From the beating of a mentally-ill 16-year-old for amusement to urinating on the head of a man for smiling, his book is filled with disturbing events that he himself partook in. It wasn’t until he completed his three years of service that he realized how sick it all was.

The point here is to illustrate that a Palestinian mother or wife is going to ache when she hears of these incidents happening to her son, husband, or father. The last thing on her mind is going to be women’s rights.

Having said that, there is no doubt that women are the rocks of Palestinian society. Mothers hold a precious place for their tenacity and in keeping families strong during the Occupation. Women haven’t done so bad historically either. Consider that the top spokesperson is Hanan Ashrawi and one of the the most revered revolutionaries is Leila Khaled. Queen Rania of Jordan, a Palestinian, is often referred to as the new Princess Diana for her tireless efforts in charity. Palestinian women also did well in the December elections, winning 51 seats in Thursday’s elections, 32 of them winning their place outright without having to claim a seat reserved for women by Palestinian law.

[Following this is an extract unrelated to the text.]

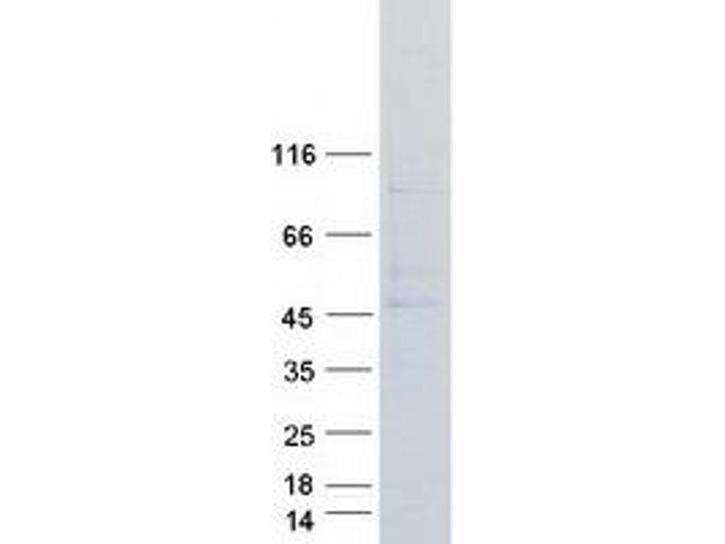 The purity of the protein is greater than 95 % as determined by SDS-PAGE and Coomassie blue staining.

Clearly, more work on women’s issues needs to be done throughout the Arab World (particularly in the Gulf region) but it’s puzzling that the human rights records of our allies generally gets only a slap on the wrist. On May 16th, a court in Saudi Arabia sentenced three reformers to lengthy prison terms for circulating a petition that called for the establishment of a constitutional monarchy in their country.

And last week, Human Rights Watch lambasted the Egyptian government when police and supporters of the ruling party attacked scores of pro-reform demonstrators and journalists.

When Agence-France Presse asked Secretary of State Condoleezza Rice about it, she replied that she hadn’t seen the reports. However, “now, they are taking steps forward. Not everything moves at the same speed, and there are going to be different speeds in the Middle East.”

And she’s right, but the Egyptian government has been putting down these pro-reform demonstrations for a very long time. The recent conciliatory rhetoric by the Egyptian president just doesn’t jive with the facts on the ground.

The reality is that progress has been held back for a long time to the people in the Middle East, largely because despotic regimes are maintained for US interests. This has inevitably held back feminist movements in the Arab World.

And so I reflect back on a memorable lecture during my years at Michigan State University. It was given by a Palestinian female professor. She was discussing the historically important role of women in Palestinian society and how they were among the first in the Third World to demand equal rights.

An American student then asked politely, "Well, do they have equal rights now?"

The professor quietly responded that if Palestinian men don’t even have the most basic of human rights, how effective did people expect the feminist movement to be?

And this is the quagmire that many women are facing in the general Arab World.